- Exercise details: Retype the line in which "Reverse Essa Nyoro" appears, then every line after it until the records end. Leave out the pictures.

- Material for the task:
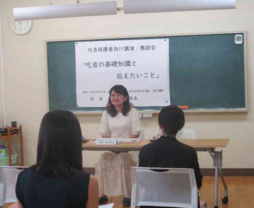 6月27日に東京学芸大学の松本幸代先生をお招きし、吃音児童の保護者向け講演会と懇談会を行いました。 吃音に関する基礎的な知識だけでなく、すぐに生かすことのできる子供への関わり方について講演をしていただきました。また、懇談会では保護者の方々の日頃の悩みや思いなどを共有し合いながら、松本先生から助言をいただくことができ、とても温かい会となりました。
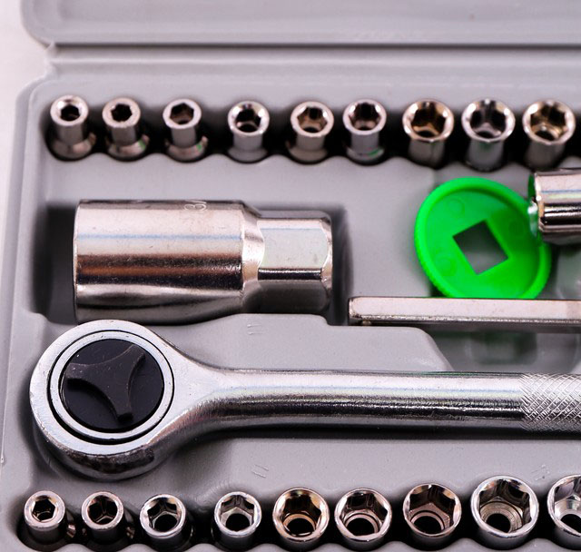 - Hộp đựng các đầu khẩu, cần siết, đầu nối được thiết kế rất chuyên dụng và khoa học; hộp được thiết kế bên trong giống như các khuôn có kích cỡ và kiểu dáng phù hợp với từng dụng cụ, giúp cho việc lấy và cất diễn ra nhanh chóng và thuận tiện.
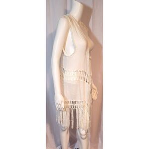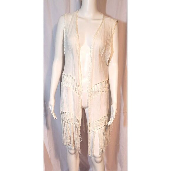Excellent, used condition, Open front vest with fringed hem. Trimmed around neckline and arms with the same crochet.
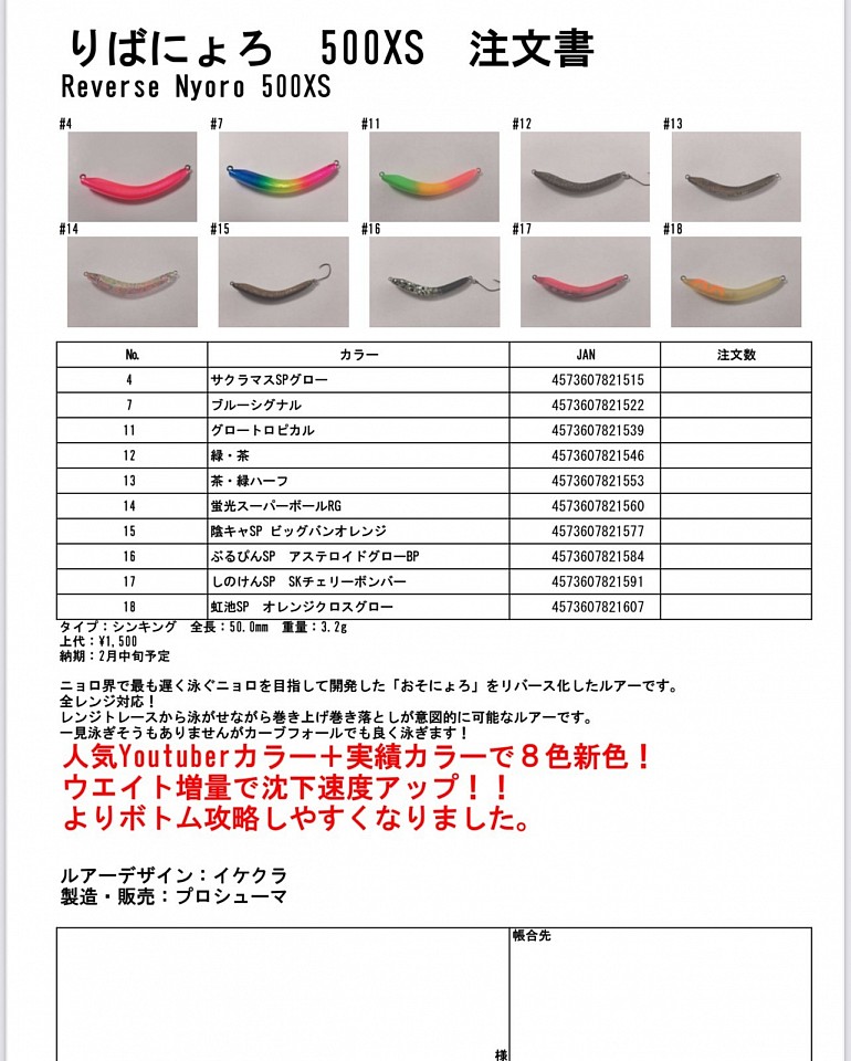 Reverse Essa Nyoro 500S - 50mm - 3 gr in 11 colori.
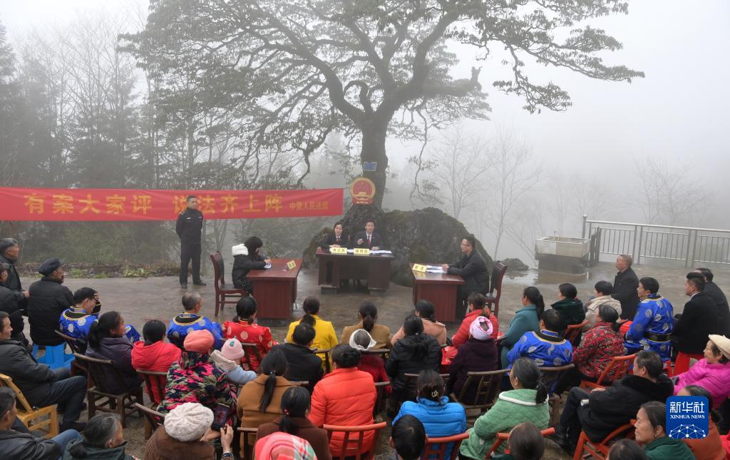 2月28日,法庭工作人員在鶴峰縣中營(yíng)鎮三家臺村開(kāi)展模擬庭審。近年來(lái),湖北省鶴峰縣人民法院積極推行巡回送法進(jìn)鄉村活動(dòng),通過(guò)現場(chǎng)宣講、模擬庭審、法律咨詢(xún)等方式,普及法律知識,化解基層糾紛矛盾,助力鄉村振興。

- Answer space:
 Reverse Essa Nyoro 500S - 50mm - 3 gr in 11 colori.
 2月28日,法庭工作人員在鶴峰縣中營(yíng)鎮三家臺村開(kāi)展模擬庭審。近年來(lái),湖北省鶴峰縣人民法院積極推行巡回送法進(jìn)鄉村活動(dòng),通過(guò)現場(chǎng)宣講、模擬庭審、法律咨詢(xún)等方式,普及法律知識,化解基層糾紛矛盾,助力鄉村振興。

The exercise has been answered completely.